REQUIRED ACTION:
If a picture appears, leave it out, and reproduce exactly the lines from the start of the listing below through the one bearing "X says Wanna".
┏━━
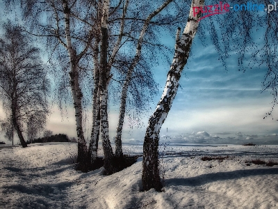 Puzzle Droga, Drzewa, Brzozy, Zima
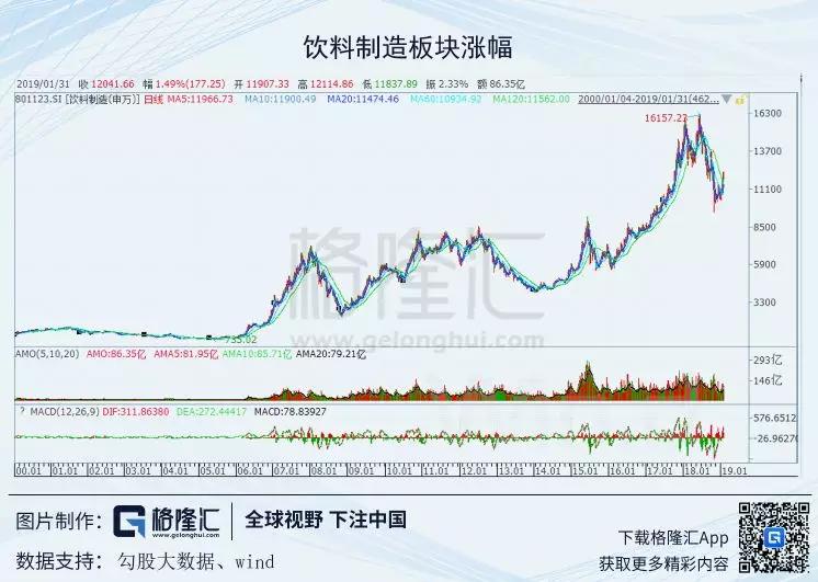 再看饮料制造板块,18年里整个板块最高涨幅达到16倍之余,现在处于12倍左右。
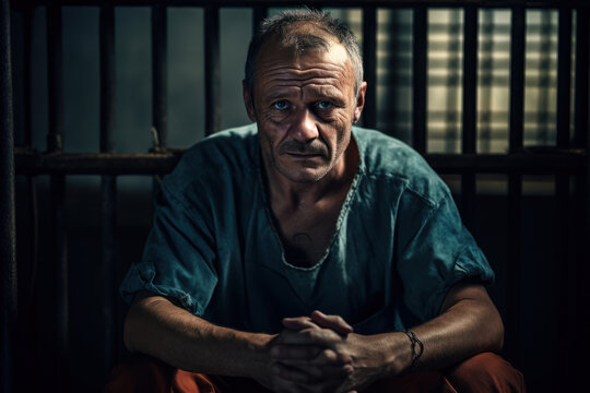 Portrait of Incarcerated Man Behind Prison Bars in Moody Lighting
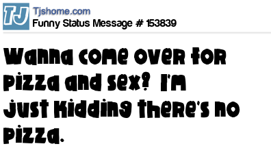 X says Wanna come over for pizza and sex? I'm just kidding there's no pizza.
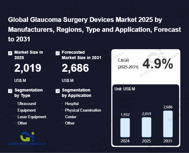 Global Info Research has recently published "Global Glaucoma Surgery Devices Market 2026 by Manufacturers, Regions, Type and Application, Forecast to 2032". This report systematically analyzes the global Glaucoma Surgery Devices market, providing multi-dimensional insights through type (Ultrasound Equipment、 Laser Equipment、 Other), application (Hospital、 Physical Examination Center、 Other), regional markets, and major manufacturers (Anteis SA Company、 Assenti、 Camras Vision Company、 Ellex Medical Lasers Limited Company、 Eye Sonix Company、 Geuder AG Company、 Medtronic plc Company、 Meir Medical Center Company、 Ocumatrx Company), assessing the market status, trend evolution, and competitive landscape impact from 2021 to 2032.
┗━━
SOLVED PROBLEM:
 Puzzle Droga, Drzewa, Brzozy, Zima
 再看饮料制造板块,18年里整个板块最高涨幅达到16倍之余,现在处于12倍左右。
 Portrait of Incarcerated Man Behind Prison Bars in Moody Lighting
 X says Wanna come over for pizza and sex? I'm just kidding there's no pizza.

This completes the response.